Я отхлебнул кофе и спросил:
— Тогда, может, я пойду? Или ты хочешь, чтобы я остался?
Она долго смотрела на меня, но потом все-таки ответила:
— Хочу. Но нам обоим нужно отдохнуть. Я поставлю сонный имплантат и завалюсь спать, ты тоже постарайся. И…
Она осторожно подвинулась ближе и добавила:
— Давай подождем до завтра. Отложим все тревоги, оставим все воспоминания и подождем, идет?
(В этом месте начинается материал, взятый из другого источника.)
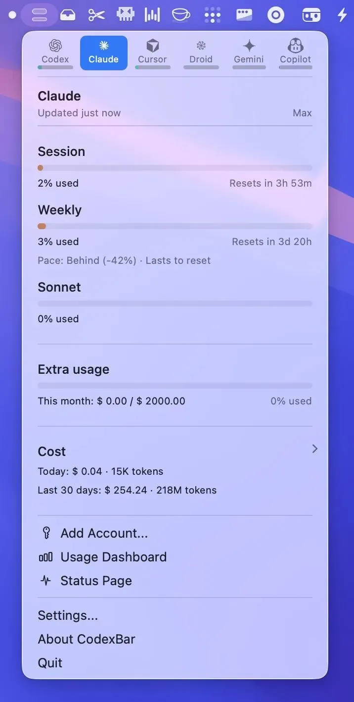9. steipete/CodexBar - AI使用统计工具 - GitHub Trending (4,100 stars)
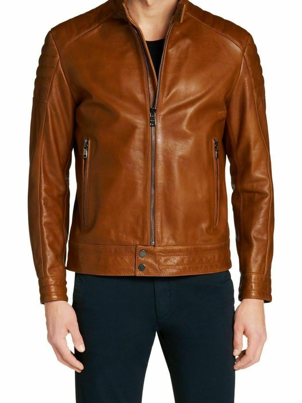 Men's Leather Jacket Genuine Lambskin Tan Biker Leather Vintage Jacket Men s
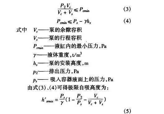 (1)当吸入行程结束时(柱塞后死点),应使工作腔内空气压力小于泵进口侧静吸入压头,使进口管空气被不断地吸人工作腔;
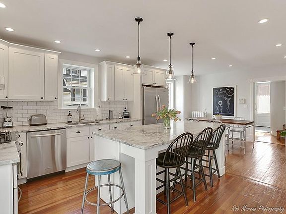 Welcome home to this pristine 4 bedroom colonial located in the desirable Olmsted District. As the recipient of The Historical Commission's Preservation Award in 2015, this home seamlessly blends modern day design with the quality and craftsmanship of years gone by. The 1st floor offers a 24' kitchen featuring stainless steel appliances, granite countertops, hdwd floors, large kitchen island, additional dining area, pantry & French doors leading to the rear yard. Formal dining room is perfect for entertaining with hdwd floors, custom built-ins, decorative fireplace & chic overhead lighting. 2nd floor offers 4 generous bedrooms, hdwd floors, modern tiled bath, high ceilings & access to a massive walk up-attic. This wonderful space could easily be finished for additional living area! Home also offers newer fenced yard, gas heat, restored clapboard exterior, 1 car garage, additional off street parking, screened in sun porch & is within walking distance to T. Absolutely move-in ready!
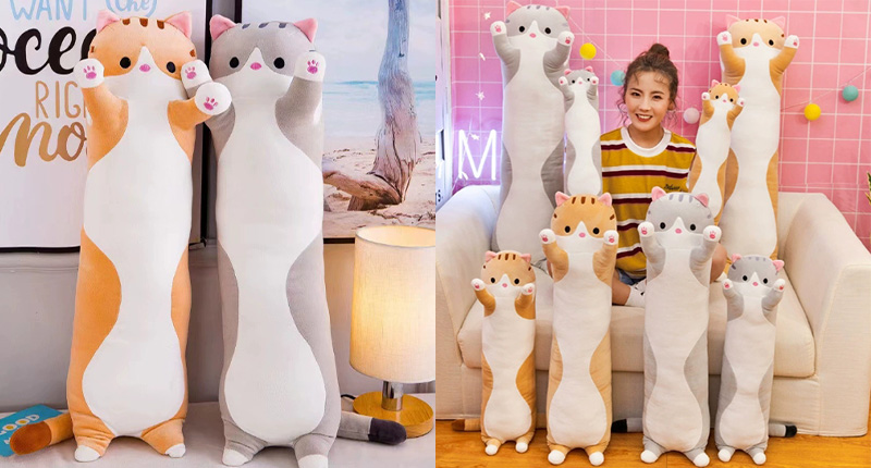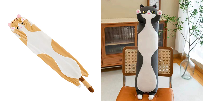 Ten produkt jest wykonany z pluszowej tkaniny z napełnianiem bawełnianym. Patrząc z zewnątrz, wygląda jak długa poduszka w kształcie kota i jest bardzo praktyczna.
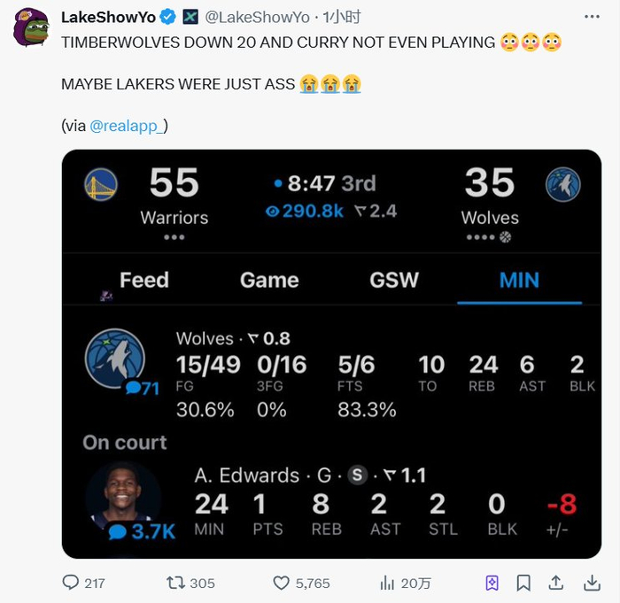 😫湖媒:库里不打森林狼都能落后勇士20+ 可能湖人就是垃圾吧
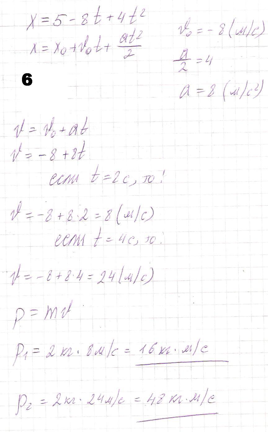 Движение материальной точки описывается уравнением х=5-8t+4t2 . Приняв её массу равной 2 кг, найти импульс через 2 с и 4 с после начала отсчёта времени.
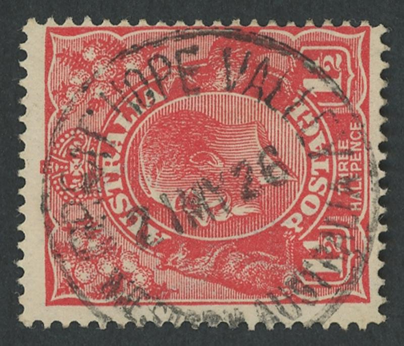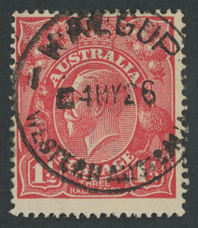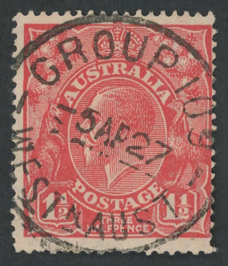 only. RO 1.11.1923; PO 1.7.1927; TO 11.9.1929 [Group Settlement 52; 14km SW of Busselton]. Superior to a light complete strike also on KGV 1½d red that sold at a Perth auction in 2021 for $265. (Image1) (Image2)
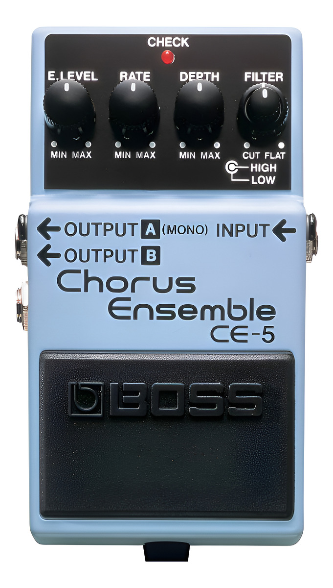 El CE-5 Chorus Ensemble produce todo desde un chorus suave y natural al popular y penetrante chorus estéreo de la música contemporánea. Cubre una amplia frecuencia que incluye filtros corta bajos y corta altos

Я чувствовал запах ее влажной кожи и не мог им надышаться. Мне очень не хотелось уходить, но как можно остаться? Наконец я неуверенно кивнул:
— Хорошо, — и поднялся с ковра.
Я шел по коридору кураторского крыла в отрешенном состоянии. Так случается при «информационной перегрузке», хотя у меня, скорее, перегрузка была не информационная, а эмоциональная. (В такие моменты ты ничего не чувствуешь, ни о чем не думаешь.) Зато чувства мои обострились. Я услышал, например, за одной из дверей голос Бараки и девичий смех — кажется, смеялись две девочки. Интересно… Когда-то я ревновал Нааме к Бараке, но потом узнал одну пикантную подробность — его прельщали девочки, как он сам выражался, уже достигшие возраста согласия, однако не вступившие в возраст настойчивого предложения.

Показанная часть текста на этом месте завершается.